一夜を明かすため、牧舎の片隅でも貸してほしいと尋ねると、ぜひ家に、と言われた。
「主人の命の恩人をもてなしたいのです」
「お言葉に甘えて、よろしいでしょうか」
賢者はありがたく宿を借りることに決めた。
「本当はうちにも寄って行ってほしいんだけどねぇ。もうすぐ孫が生まれるからさぁ」と、エツたちは残念そうに言い残して帰って行った。
「アタシにとっては曾孫だよォ」と、「かあさん」の声はなぜか得意げであった。
おしゃべりなふたりにとって、賢者との出会いは家族へのいい土産話になるのだろう。
※
その日の夜は、素朴ながら温かい料理でもてなされた。
実りの季節が終わりを告げ、これから冬に向かうための蓄えもあったろうに、突然の来客にも関わらず惜しげもなく振る舞われる。
カイは炙った骨付きのあばら肉と、手をベタベタにしながら格闘している。
暖炉にかけられた鍋からは、ヨーの乳のシチューが美味しそうな匂いを漂わせていた。
「ヨーはこの地の特産です。羊と鳥の合いの子のような生き物で……、ヨー毛も羽も嘴も角も、乳も肉も、棄てるところがありませんの。さあさ、どうかご遠慮なさらずに召し上がってくださいね。義母から習った伝統のヨー料理です」
サエは恥ずかしそうに料理を勧めた。一児の母とは思えない線の細い若妻である。
「とても美味しいです」
賢者は上品に、銀のナイフとフォークで肉を切り分けている。
ニルギリとケサルは、カイと同じく手づかみだった。
「にんじん、きらぁい」
「こら、好き嫌いしないで食べなさい」
「にんじん、いやぁぁ」
「あー、俺も人参苦手だわ」
ニルギリがスイと目線を合わせて悪戯っぽく笑う。
「でも、お母さんに怒られちゃうから、せーので頑張って食べような」
「むー、んー、せーのっ!」
カイは、家族の縁に恵まれない幼年期を過ごしたので、スイの無邪気さがうらやましい。
目の前の団欒の光景を自分のそのころと重ね合わせると、暖炉の炎が視界を赤く滲ませる。
ダダは街にヨーのチーズや毛織物を卸しに行った帰りに、あの場所で襲われたそうだ。
憂い顔のサエに、賢者はダダの傷の手当ての仕方や麻痺の残る左手の訓練のコツなどを伝える。

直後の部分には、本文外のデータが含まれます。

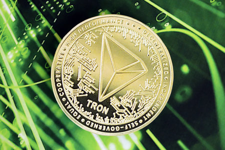 The coin cryptocurrency Tron on the background of wires and circuits. Token TRX.

ついでに、医者のいない辺境の事情などを聴き、軟膏や解熱剤などいくつかの足りていない薬を処方する。
サエはまた、何度も頭を下げて謝意を伝えた。
※※※
翌朝、賢者はサエからヨーを一頭譲り受けた。
ホワンの村へ贈るためであるという。
もちろんホワンへは祭りの間の滞在に予め十分な対価を払っているし、自分たちの分の食料まで持参していた。
しかし、ヨーはとても貴重な家畜である。祭りの贈り物としてふさわしいだろう、と。
ケサルもその案に賛成した。
賢者がサエに渡したヨーの購入費は、一宿の礼を足したとしても多すぎるほどだと、カイには思われた。
「ダダさんが働けるようになるまでの、この冬は母娘にとって厳しい季節になるでしょう。秋に蓄えた肉や保存食も、私たちがかなり減らしてしまいました。私は賢者ですし、こういう時のために5国連盟からお給金をいただいているんですから、いいんですよ」
賢者はどうやら高給取りらしい。
間近で見るヨーは、なんというか、想像よりもとても大きかった。
涎でべちょべちょした舌が、カイの頬をべろん、と舐めとって、ヨーは「ヨー」と鳴いた。
友好的な挨拶だと思っていいのだろうかと、カイは少し悩んだ。
スイが、「ばいばーい」と、一行の姿が森へ消えるまで、手を振って見送ってくれた。